A student or staff member who begins experiencing COVID-19 symptoms or tests positive is required to report it to their school campus. Schools are then required to report to Sonoma County Health Services Department.

Typically, the county’s public health schools team will reach out to all cases and close contacts, said Matt Brown, county spokesman.

“However, when we have a large surge in cases, we simply do not have enough people to manage all of the outreach required,” he said in an email. “This is what we are seeing right now, so we have been requesting that the schools do most of the contact tracing and communication to the close contacts involved with their exposure events.”

Close contacts are defined as those people who have spent 15 minutes in a 24 hour period within 6 feet of an infected person starting from two days before illness onset. For asymptomatic patients, the window is two days before a test specimen is collected.

General notices are sent out to all staff and families when a case is identified among a campus community member. Close contacts receive notifications with quarantine instructions.

County health workers also help school officials determine what quarantine protocols are necessary for each individual involved.
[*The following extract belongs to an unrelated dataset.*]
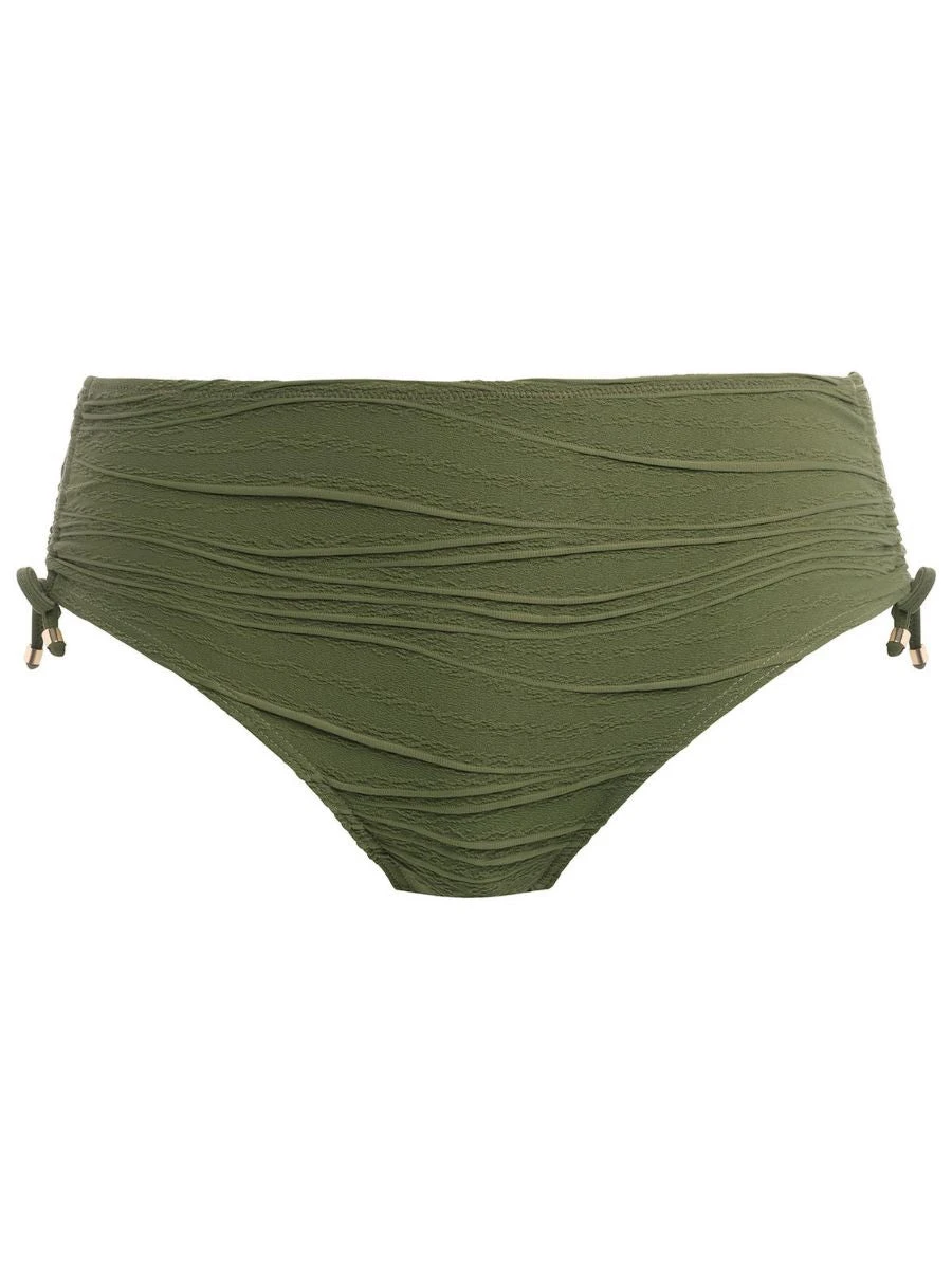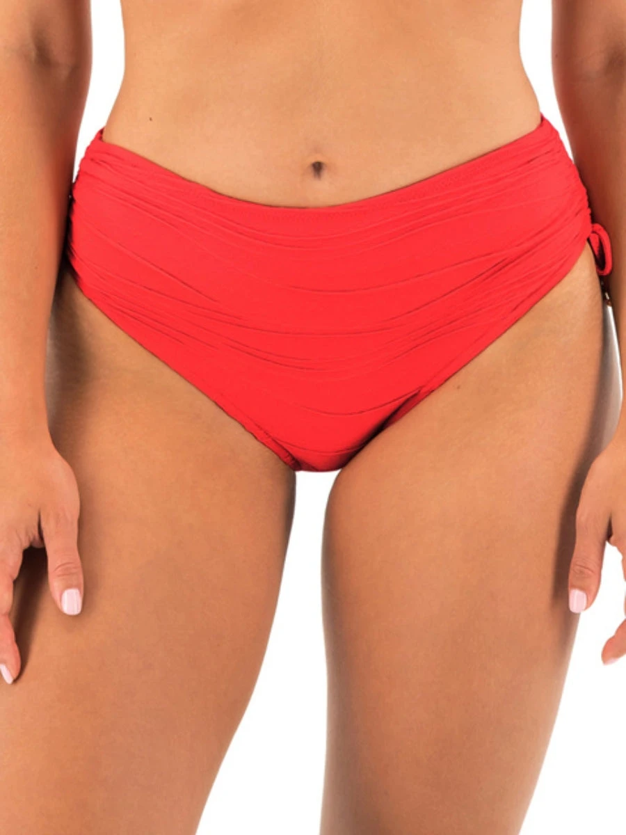 Introducing the luxurious Fantasie Beach Waves Bikini Short. This medium coverage bottom features a lower cut leg and adjustable tie sides for a flattering ruching effect on the tummy. Fully lined and adorned with rose gold bead details, this bikini short is a must-have for achieving the perfect beach waves look.

Any sign of COVID symptoms, for example, means the student or staff member is required to quarantine. A positive test also leads to mandatory quarantine.

Students’ or staff members’ ability to return to campus depends on a variety of factors, including the resolution of their symptoms or proof that a doctor attributed those symptoms to another condition.

If the person is asymptomatic, quarantine can end 11 days from the date of last exposure without testing, or by day 7 if they test negative. Schools, at the direction of health officials, are asking asymptomatic close contacts to wait five days after initial exposure to test, to minimize the chances of a false negative.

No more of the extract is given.